The startup.sh created by the Raspberry Pi Imager typically offers two ways to do the configuration, one that uses the Raspberry Pi OS specific tooling, and one that uses more standard linux commands and config files. When possible, I tried to lean toward using the standard linux commands and config files, since it seems like they might be better documented and less likely to change over time. But there were a couple places where I didn't have an option:

Install firstrun.sh

Now install the firstrun.sh file and set it to run on first boot.

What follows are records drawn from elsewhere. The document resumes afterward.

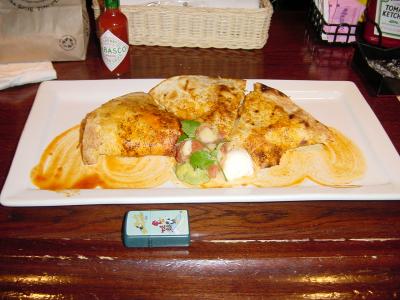 ピザを半分に折った?トルテリアで、中身はチキン・パイナップッル等で、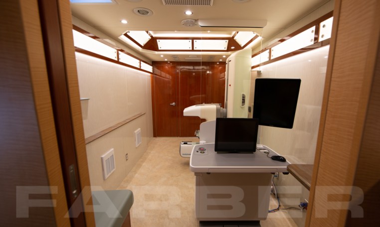 Vehicle number 17049 is a Mobile Mammography vehicle designed by Farber Specialty Vehicles and built for University of Utah Huntsman on a Freightliner chassis. Farber is here to help you with a custom solution to all your specialty vehicle needs. Call us today at (800) 331-3188.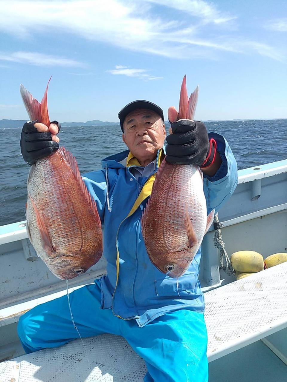朝一ワラサ&タイ全員ゲット

# copy firstrun.sh to the bootfs filesystem
cp firstrun.sh /mnt/bootfs/

# make sure it's executable
chmod a+x /mnt/bootfs/firstrun.sh

# check for syntax errors if you recently modified the script
# this will produce no output if the script has no syntax errors
bash -n /mnt/bootfs/firstrun.sh

# run firstrun.sh on boot
perl -pi -e's|resize$|resize cfg80211.ieee80211_regdom=US systemd.run=/boot/firstrun.sh systemd.run_success_action=reboot systemd.unit=kernel-command-line.target|' /mnt/bootfs/cmdline.txt

# finally, unmount the filesystems
umount /mnt/bootfs /mnt/rootfs

If you are using a larger format sd card and you see an error like dd: failed to open '/dev/sda': Read-only file system, then the tab on the side of the sd card is in the read-only position. Try sliding it to the other position and then try again.

Step 4. Boot

Pop the sd card into the Raspi, plug in the power, and wait for it to boot it up. If everything was set up property, the system should boot up, connect to the wifi, and ssh should be running. It should have my ssh keys loaded, so I should be able to log in without having to type in my password. I should be able to run sudo without any password. Everything should be ready to do the next stage of the build.

Give it a few minutes for the first boot since it needs to do things like generate SSH keys and resize the filesystem.

Find the IP address and verify it's up.

# if you have DHCP / DNS set up, try pinging using the hostname
ping myhostname

# alternately try pinging using mDNS
ping myhostname.local

# you might find the ip address using your router or wifi access point

If you were rebuilding a box you had previously logged in to over ssh, your known ssh hosts file will need to be updated. This command will remove your existing keys to clear the WARNING: REMOTE HOST IDENTIFICATION HAS CHANGED! message you'll see the first time you log in.

ssh-keygen -R myhostname

Other Observations

firstrun.sh munged

I noticed some weirdness here when the firstrun.sh script ran. The script contained a line like this:

rm -f /boot/firstrun.sh

When I went to boot up, it just appeared to shut back down again. When I mounted the sdcard back on my workstation, I was surprised to find that my firstrun.sh had been modified. The rm line had been replaced with this:

rm -f /boot/firmware/firstrun.sh
sed -i 's| systemd\.[^ ]*||g' /boot/firmware/cmdline.txt
exit 0

In my case, the rm line had been inside a function, and whatever modified my script broke the function definition and caused a syntax error, which prevented the system from booting properly. I haven't dug in to figure out where this is happening, but I moved the 'rm' line to the end of the script so that the search and replace doesn't cause any syntax errors.